*Brief:*
In the data below, set down exactly the lines from the one containing "图2.显示数据科学家和数据工程师的核心能力及其重叠技能的图表。 Jesse Anderson和大数据研究所的插图" up to and including the one containing "Lista de participantes: Breath". Leave the pictures out.

*Records shown:*
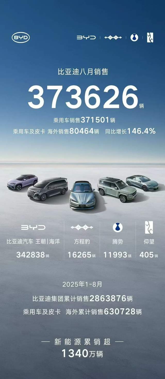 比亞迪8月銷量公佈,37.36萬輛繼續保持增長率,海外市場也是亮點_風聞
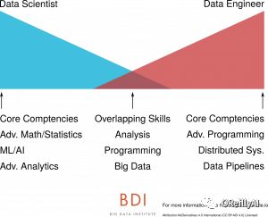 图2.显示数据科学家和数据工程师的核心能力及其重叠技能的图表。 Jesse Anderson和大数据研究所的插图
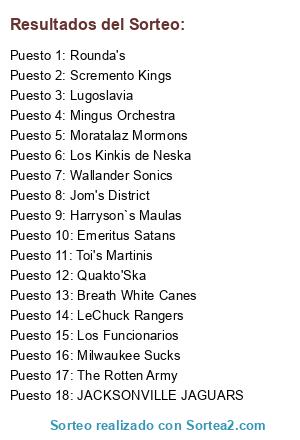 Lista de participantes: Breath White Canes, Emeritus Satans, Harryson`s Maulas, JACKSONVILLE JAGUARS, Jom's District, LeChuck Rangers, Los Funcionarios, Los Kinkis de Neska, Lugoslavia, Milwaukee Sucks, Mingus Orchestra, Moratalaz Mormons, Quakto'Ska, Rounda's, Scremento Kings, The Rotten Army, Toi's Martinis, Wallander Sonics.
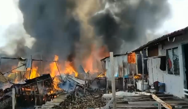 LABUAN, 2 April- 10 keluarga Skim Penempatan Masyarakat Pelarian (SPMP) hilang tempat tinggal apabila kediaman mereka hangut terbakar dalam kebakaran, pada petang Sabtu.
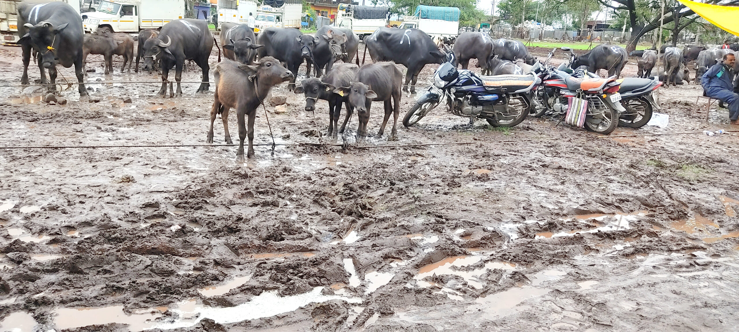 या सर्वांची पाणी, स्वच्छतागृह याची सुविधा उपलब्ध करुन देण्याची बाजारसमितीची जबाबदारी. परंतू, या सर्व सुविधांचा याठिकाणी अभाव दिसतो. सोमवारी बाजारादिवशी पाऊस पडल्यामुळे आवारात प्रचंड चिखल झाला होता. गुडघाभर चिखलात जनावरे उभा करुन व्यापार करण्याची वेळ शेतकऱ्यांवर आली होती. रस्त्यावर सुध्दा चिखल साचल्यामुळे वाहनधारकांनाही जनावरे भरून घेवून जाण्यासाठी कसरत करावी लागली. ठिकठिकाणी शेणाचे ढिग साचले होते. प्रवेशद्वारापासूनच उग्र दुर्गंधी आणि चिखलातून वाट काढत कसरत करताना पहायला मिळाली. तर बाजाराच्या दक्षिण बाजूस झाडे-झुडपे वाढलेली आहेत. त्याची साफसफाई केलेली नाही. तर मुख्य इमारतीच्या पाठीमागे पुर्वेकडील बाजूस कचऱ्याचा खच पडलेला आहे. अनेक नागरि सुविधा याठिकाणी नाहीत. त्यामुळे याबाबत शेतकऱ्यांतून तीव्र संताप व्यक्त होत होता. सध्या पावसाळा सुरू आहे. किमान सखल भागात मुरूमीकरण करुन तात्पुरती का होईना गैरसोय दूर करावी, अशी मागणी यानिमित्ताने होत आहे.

--

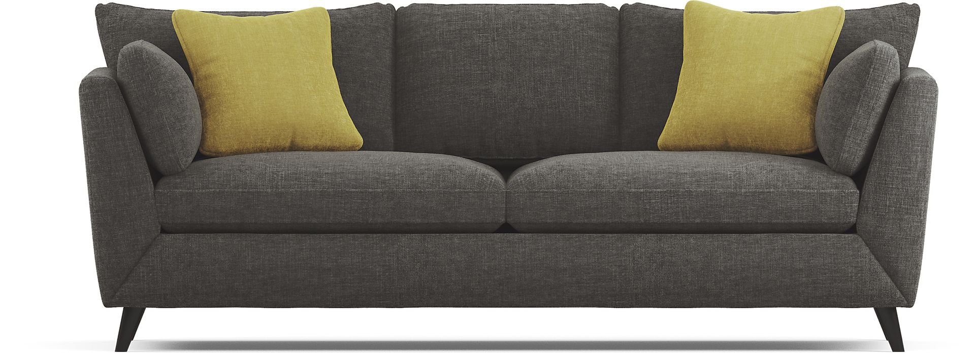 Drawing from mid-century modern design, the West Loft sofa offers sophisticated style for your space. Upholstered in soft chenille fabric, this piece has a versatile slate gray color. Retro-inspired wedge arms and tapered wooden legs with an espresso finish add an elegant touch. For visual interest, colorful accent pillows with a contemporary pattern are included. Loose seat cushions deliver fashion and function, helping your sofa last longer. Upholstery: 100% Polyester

*Answer for the task:*
 图2.显示数据科学家和数据工程师的核心能力及其重叠技能的图表。 Jesse Anderson和大数据研究所的插图
 Lista de participantes: Breath White Canes, Emeritus Satans, Harryson`s Maulas, JACKSONVILLE JAGUARS, Jom's District, LeChuck Rangers, Los Funcionarios, Los Kinkis de Neska, Lugoslavia, Milwaukee Sucks, Mingus Orchestra, Moratalaz Mormons, Quakto'Ska, Rounda's, Scremento Kings, The Rotten Army, Toi's Martinis, Wallander Sonics.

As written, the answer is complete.